Work task - Transcribe all the data below exactly, leaving its pictures out.

Data block -
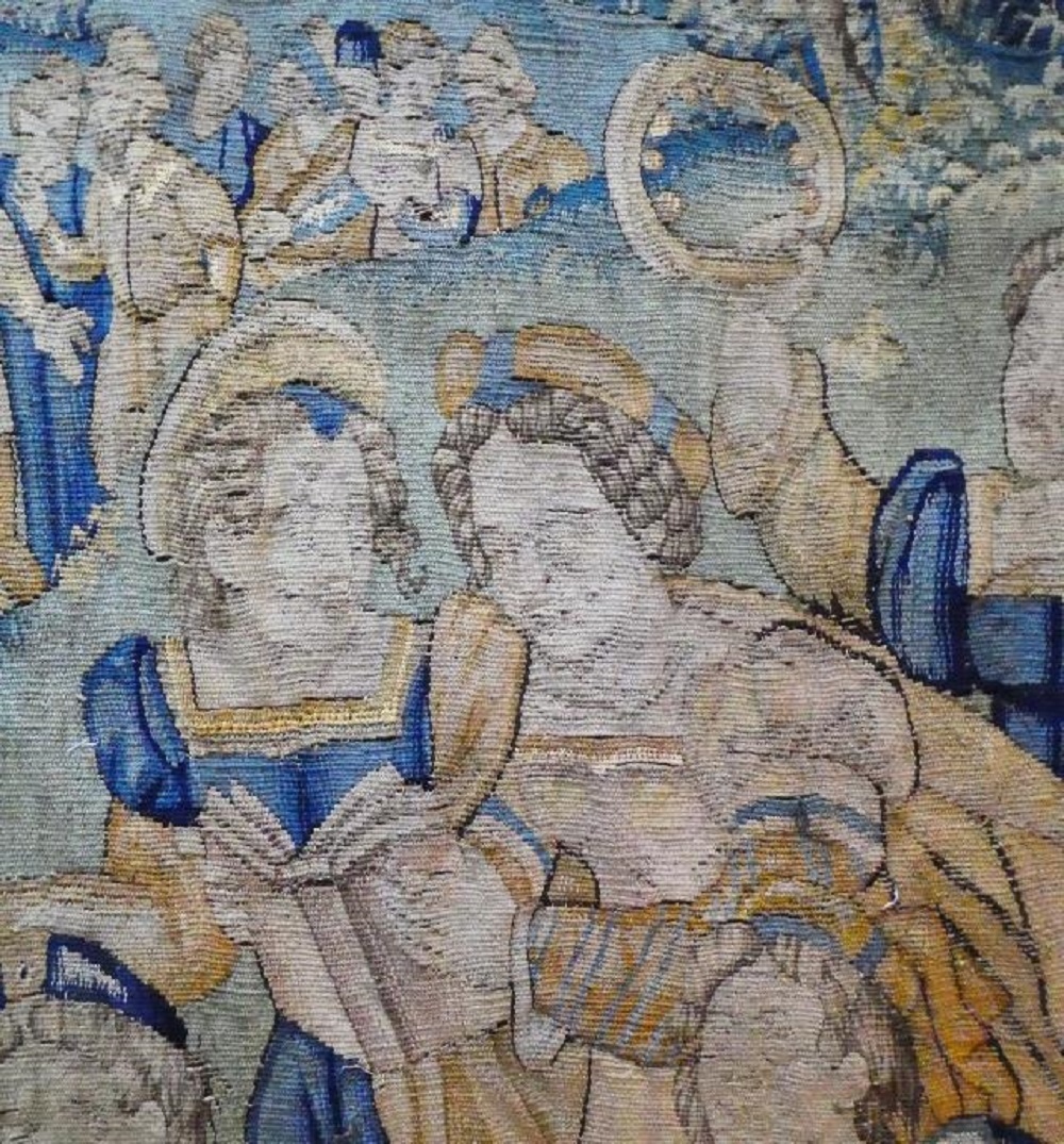 I could not reconcile the tapestry depicted in the painting with the tapestries on display in the castle, whether as hangings or as smaller furnishings. This was puzzling since it had clearly been an important piece. And so I set out to find it, and enlisted Sophie’s help as well as that of Bill Bleakley, Collections Care assistant. I was delighted when Bill discovered a fragment of the tapestry in the form of a re-made door curtain; it had been rolled up and stored away many years ago, perhaps when the castle was sold to the National Trust for Scotland. My perseverance having paid off, I was able to unroll and study the story before me.
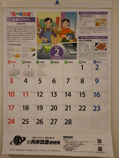 弊社のお客様に配らせて頂いておりますカレンダーには、毎月健康に関するテーマがあり、そのために摂取したい栄養素とおすすめ食材、レシピなどの情報が載っております。
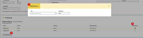 Klicka på Lägg till person och ett nytt fönster visas där man söker fram Personen. Sök på Golf-ID eller Namn, du kan också välja Klubbnamn för att få ett mindre urval. Denna funktion söker alltid i hela registret (hela Sverige) efter personer. Ett sökresultat visas, klicka på aktuell person och den läggs då direkt till i familjegruppen.
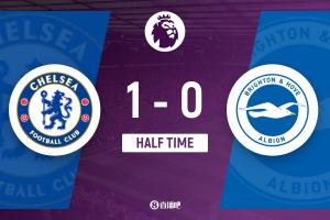 上半場(chǎng)傷停補(bǔ)時(shí)2分鐘,半場(chǎng)結(jié)束,切爾西暫1-0布萊頓。

Written answer -
 I could not reconcile the tapestry depicted in the painting with the tapestries on display in the castle, whether as hangings or as smaller furnishings. This was puzzling since it had clearly been an important piece. And so I set out to find it, and enlisted Sophie’s help as well as that of Bill Bleakley, Collections Care assistant. I was delighted when Bill discovered a fragment of the tapestry in the form of a re-made door curtain; it had been rolled up and stored away many years ago, perhaps when the castle was sold to the National Trust for Scotland. My perseverance having paid off, I was able to unroll and study the story before me.
 弊社のお客様に配らせて頂いておりますカレンダーには、毎月健康に関するテーマがあり、そのために摂取したい栄養素とおすすめ食材、レシピなどの情報が載っております。
 Klicka på Lägg till person och ett nytt fönster visas där man söker fram Personen. Sök på Golf-ID eller Namn, du kan också välja Klubbnamn för att få ett mindre urval. Denna funktion söker alltid i hela registret (hela Sverige) efter personer. Ett sökresultat visas, klicka på aktuell person och den läggs då direkt till i familjegruppen.
 上半場(chǎng)傷停補(bǔ)時(shí)2分鐘,半場(chǎng)結(jié)束,切爾西暫1-0布萊頓。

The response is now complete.